Он тренировался, бросал вызовы и зализывал раны. Цикл за циклом - как в мире смертных меняются времена года.
Он стал одним из всадников, и на пути к этому оставил немало клочьев своей шкуры. Это было правильно. Кровь добычи, что загнана без боя, не так пьянит.
Он добился женщины, которую хотел - и охранял ее столь яростно, что при всех вольных нравах Неблагого двора никто не осмеливался приблизиться к ней. Он знал, что все выношенные ею дети будут только его. Пусть благие вовек не снимают своих детей с груди - пусть это их удел, но и неблагим присуще желание видеть свое продолжение.
Родился сын. Тот унаследовал нрав своего отца, даже не будучи воспитан им. И полнился магией. Она его и сгубила, ранним стихийным всплеском, задолго до седьмого десятка.
Тогда Раллан и понял, почему большинство ансееле лично не следят за своими детьми. Слишком велик риск, с их-то темпераментами и методами взаимодействия с магией. Слишком тяжело после.
Больше он не повторял эту ошибку.
Они уже давно не были вместе с той женщиной. Он уже точно дал жизнь другим детям. Но тоска по первенцу никогда так и не развеялась, оставшись тенью на фоне любых, даже самых отточенных действий.
Впервые он бросил вызов царю в свои триста лет. Был размазан от всей царственной души. Это не охладило его пыл, лишь раззадорило.
Это стало традицией. Четко выверенной последовательностью давно знакомых действий.
На стороне одного были мощь, возраст, опыт. У другого были лишь уверенность, энергия и потребность сделать это, даже ценой собственной жизни.
Однажды это все же произошло. В процессе Раллан потерял слишком много крови, а потому триумф оказался более бесцветным, чем он ждал.
Но это была победа.
Дальше он должен был доказать свое право на трон и корону. Подтвердить, что это была не случайность, а результат неизбежного движения, подобно сошедшей лавине.
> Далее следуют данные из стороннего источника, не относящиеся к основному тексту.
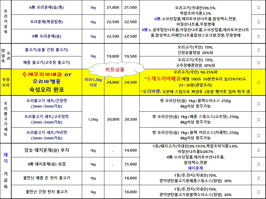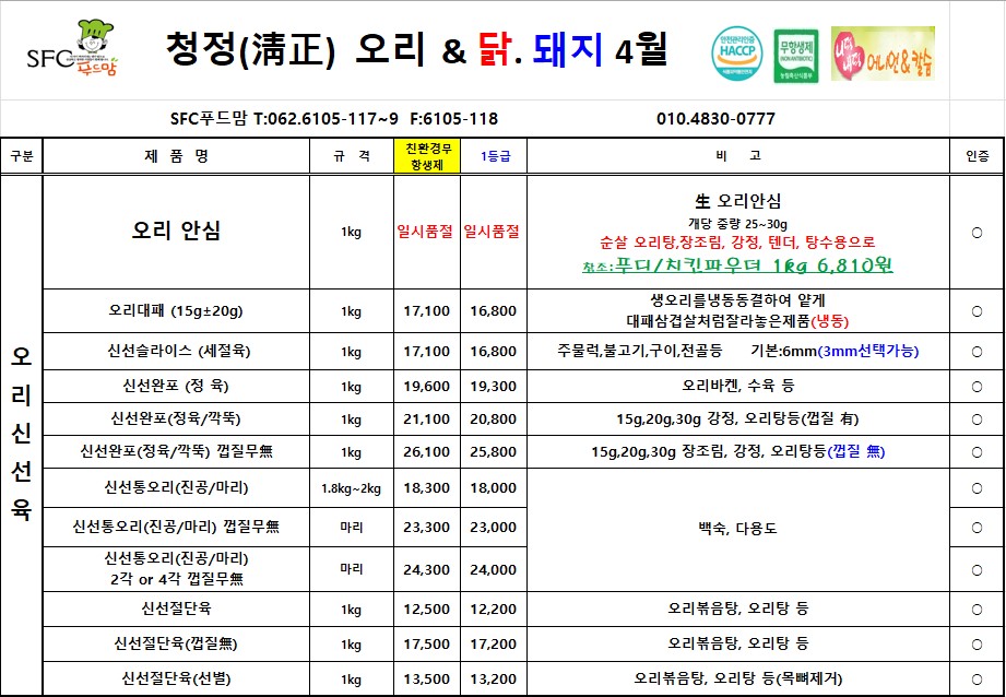 *SFC푸드맘 청정오리 4월 단가표입니다*

Стать новым звуком рога, ведущим Охоту вперед. Сцедить старую кровь, влить новую. Именно для этого они и существуют.
Именно это и требовалось сделать внутри самой Охоты.
Как оказалось, последующее переустройство требовало даже больше сил, чем, собственно, победа в поединке. Пришлось умерить пыл и заняться более кропотливыми делами. Не такими широкими, как удар двуруча.
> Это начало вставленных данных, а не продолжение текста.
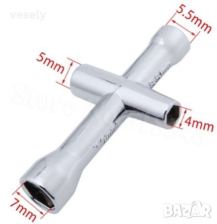 Миниатюрно кръстато ключе 4 в 1 с глухи HEX (4 мм, 5 мм, 5.5 мм, 7 мм). Материал aluminium alloy.

Одной рукой взращивая почтение к себе, другой - вколачивая его же, он воцарился, но и это не утолило его голод.
Он жаждал вызовов и крови, сама разрушительная природа ансееле ши бурлила в его венах и толкала вперед, как и всегда. Ее целью были даже не благие, а сам миропорядок, закосневший и слишком цепляющийся за традиции. Раллан не боялся задавать вопросы о краеугольных истинах.
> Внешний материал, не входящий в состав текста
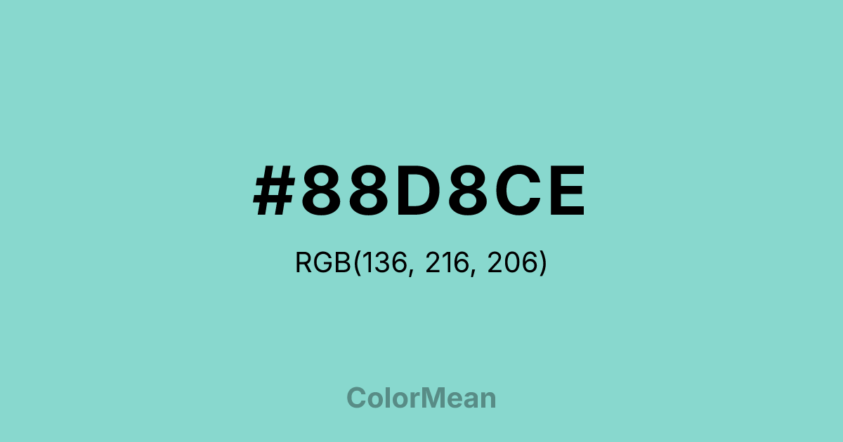 #88D8CE RGB value is (136, 216, 206). The hex color red value is 136, green is 216, and blue is 206. Its HSL format shows a hue of 173°, saturation of 51 percent, and lightness of 69 percent. The CMYK process values are 37 percent, 0 percent, 5 percent, 15 percent.

Почему их предки сражались с фоморами? Было ли это на самом деле необходимо? Почему магия построена на двойственности созидания и разрушения?
Значит ли это, что противостояние с Благим двором изначально должно длиться вечно? Если одна из сторон сотрет с лица земли вторую - вычленит ли она из себя же своего дуала-противника?
Множество вопросов, требующих обдумывания.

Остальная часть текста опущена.